# At my wits end! Centerlink into Oilpan!



## dlight (Apr 2, 2007)

I have a 72 Lemans Sport Conv. that I'm rebuilding. I have a 400 CID engine with a TH400 (originally a 350/350), stock oilpan, stock centerlink, idler arm and steering box. I have installed CPP tubular control arms, QA1 coil-overs, Energy Susp polyurethane bushings and tranny mount, stock motor mounts in the correct frame holes. All of this is stuff is supposed to be direct repacement and yet my centerlink is seriously into the bottom of my oilpan. I can't figure out how I can change this; The rear tranny mount is over 2" high and I removed it and that tilted the engine/tranny enough to clear. How high is the opriginal rear mount supposed to be?
This is my first frame-off (obviously!) and I'm stumped!
Any ideas?


----------



## 67/04gto (Jan 15, 2005)

do u have it on backwards,or is it the right centerlink


----------



## dlight (Apr 2, 2007)

*Thanks for the reply...*

I think I have it right: it only seems to fit one way. I compared it to the old one and it seems identical.


----------



## Rukee (Feb 8, 2007)

The center drag link can't be installed backwards. I'd say grab a stock tranny mount and see if that doesn't fix it.


----------



## jetstang (Nov 5, 2008)

Tranny mount sounds like the problem. What does the driveshaft angle look like on the back of the tranny? Is it a stock or aftermarket center link? Looke real close at the angles on the centerlink, make sure it drops down far enough. Is it a stock oil pan, as if it aftermarket it may not be for your application, ie. C-4 vettes use a special oil pan on the Chevy 350. The GTO uses all the typical Lemans stuff, so it shouldn't be rocket science to get the parts, but sometimes problems arise. Oh, real nice build.
Tranny mount is my vote.


----------



## dlight (Apr 2, 2007)

Thanks for the tips. I'll grab a stock tranny mount and check it out and also check the shaft angles and look. I'm in western Canada and it's -31 celcius (about 24 below Fahrenheit)today; probably -35 in my garage. I'll wait till it warms up a bit; supposed to be up near 0 next week. Once again, _Rukee_ and _jetstang_ thanks for your input.
Merry Christmas!


----------



## Too Many Projects (Nov 15, 2008)

I just measured stock TH350 and 400 mounts that I have and they are the same thickness......2".


----------



## Rukee (Feb 8, 2007)

Tranny cross member installed correctly? On upside down or something? If that's even possable...


----------



## Too Many Projects (Nov 15, 2008)

I wondered that too, and actually posted that he might have the wrong one for a TH400 as my Chevelle uses a different crossmember. After researching it, I had to retract my post as it seems the crossmembers are all the same on a Pontiac.


----------



## jetstang (Nov 5, 2008)

Check out this link, has a pic of the front cross member evenly spaced between the pan and cross member, makes me think your center link is sitting too high. Check how the tie rod bolts are just above the control arm bolts, it gives a nice reference point. I had the same problem in my 66 Chevelle when I put JC Whitney extra high lift springs in my car, center link hit the pan. Are your front springs stock lift?

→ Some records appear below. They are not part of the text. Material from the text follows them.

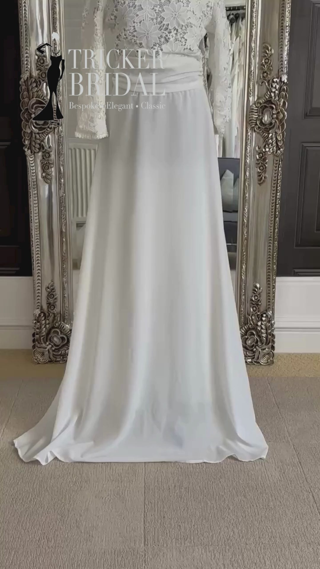 A gently defined waist gives shape without structure, flowing into a smooth A-line skirt that falls effortlessly to the floor in light a graceful georgette. The overall effect is calm, feminine and timeless — the sort of dress that feels just as right in a registry office as it does in a country house or garden setting.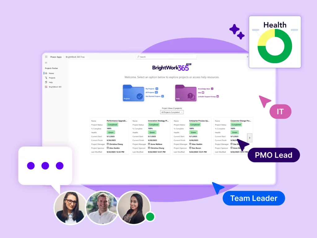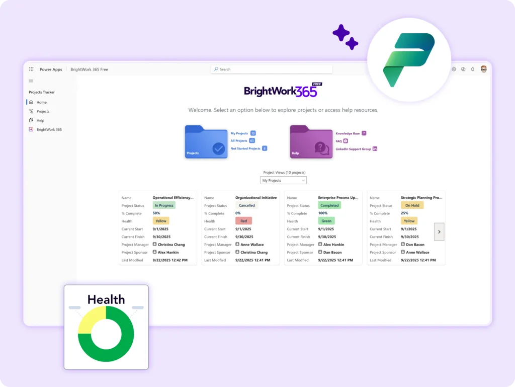 BrightWork 365 Free is a streamlined project tracking app built on Microsoft 365 and the Power Platform. Track unlimited projects with unlimited users, without the complexity of traditional project management tools.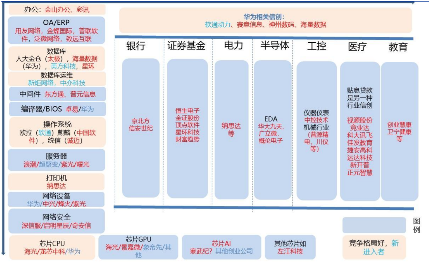 4)CPU:海光信息(产品性能强)、龙芯中科(自主指令集 LoongArch);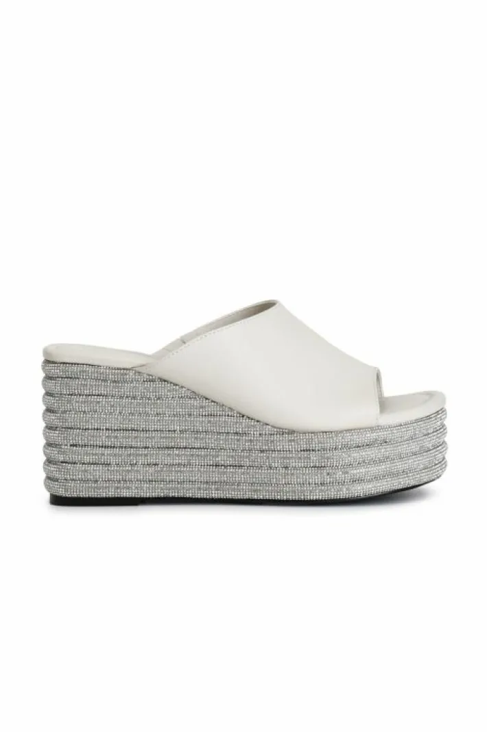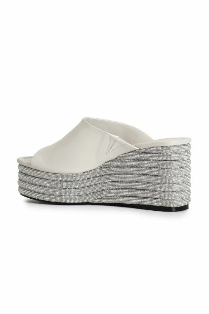 Ciabatta in nappa con zeppa caratterizzata da fasce di strass. il comodo soletto imbottito in vera pelle fa risultare la calzatura comoda anche dopo svariate ore di utilizzo. il tacco è alto 70mm il plateau invece è di 35mm.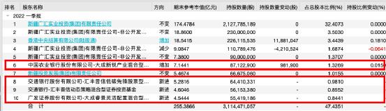 广汇能源2022年一季报显示,陆彬管理的两只基金重回广汇能源前十大流通股东名单。汇丰晋信低碳先锋、汇丰晋信动态策略分别持有6441万股、5615.3万股,持有市值为5.28亿元、4.60亿元,位列第8、9大流通股东。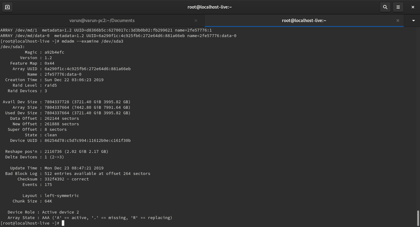 I took out both the drives and connected to one of Linux (Fedora) system. I can see the software raid partition on that drive and md volume but inactive. Is there a way I can mount this volume on Linux and access my data from there. Attached are few outputs related to that. md125 (sda3) is the volume I guess which holds the data. Please help.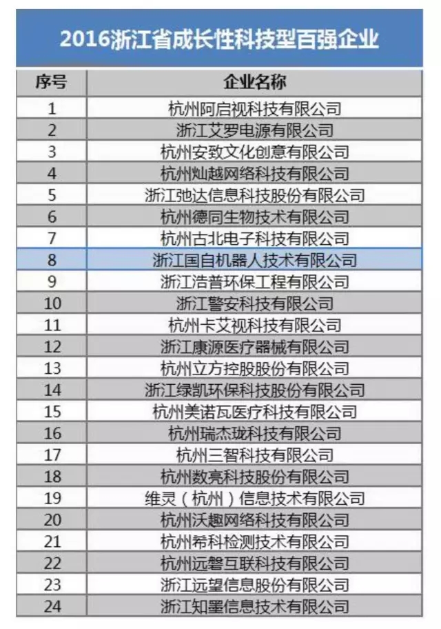 眼下,“大眾創業、萬眾創新”的口號在不斷深入人心的同時,浙江省科技型中小微企業的發展勢頭也是一浪高于一浪。當然,高新技術企業中也不乏榜樣企業。2016年5月13日,2016浙江省成長性科技型百強企業在杭州揭曉,浙江國自機器人技術有限公司光榮入選。

http://www.gtoforum.com/attachments...y-1964-gto-barn-find-new-gto-pictures-004.jpg


----------



## jetstang (Nov 5, 2008)

Look into dropped pitman and idler arm, that would fix it. Just cant figure out why centerlink is so high in the first place.


----------



## Too Many Projects (Nov 15, 2008)

Jetstang brings up a good point about the center link being too high in relation to the crossmember. I have seen this problem with aftermarket parts that are "one size fits all". Your model may originally have had a longer offset idler and pitman to drop the link lower and the replacement is shorter to fit more models, or the offset in the center link is too shallow. Many of these parts at first appear the same but when compared side by side are slightly different and will locate the assembly in a different relationship. 
By the way, I like the Grey natural look finish on the steering rather than the often seen black. It gives it more color and stands out !!
This company makes EXACT replacement steering and suspension parts. They aren't cheap but have good reviews in the Chevy world for fit and quality. The parts can be bought directly from them or do a search for vendors.
Rare Parts Inc. http://ecomserv.bytedesigns.com/ez/retail_order.asp


----------



## dlight (Apr 2, 2007)

Thanks 'too many'. I think I'm being convinced my centerlink isn't deep enough. The Pitman arm is the original so the offset should be sufficient. I'm going to pull the centerlink and compare it with the old one. I held the old one up to the assembly and it identical but I'm sure going to look again. Really appreciate all the comments. Merry Christmas All!


----------



## 05GTO (Oct 6, 2004)

The pitman arms for PS cars drop lower than manual steering cars, if someone changed the car from manual steering to power steering and reused the pitman arm that may be the problem,


----------



## dlight (Apr 2, 2007)

Well, the weather has finally broken here. The past few days have been really nice; it's been a little over 50degF so I have been out to the garage. I mic'd the original centerlink and it's identical to the replacement one (or at least within 40 thou) so I got to thinking. I did replace the power steering box with a close ratio one from a guy on Ebay. Seemed identical and it fit the mounting holes in the frame. I didn't think to check it real close and the old one's gone. I'm thinking that if it's different, what are the odds of a new idler being exactly the same amount different cause I replaced it too.:confused

Does anyone know where to get a centerlink with more drop? Seems like that's the next step. 

I really appreciate all the help and suggestions!!


----------



## Rukee (Feb 8, 2007)

Check that link arm on the steering gear box (pitman arm) to be sure it drops the same amount as the original one.


----------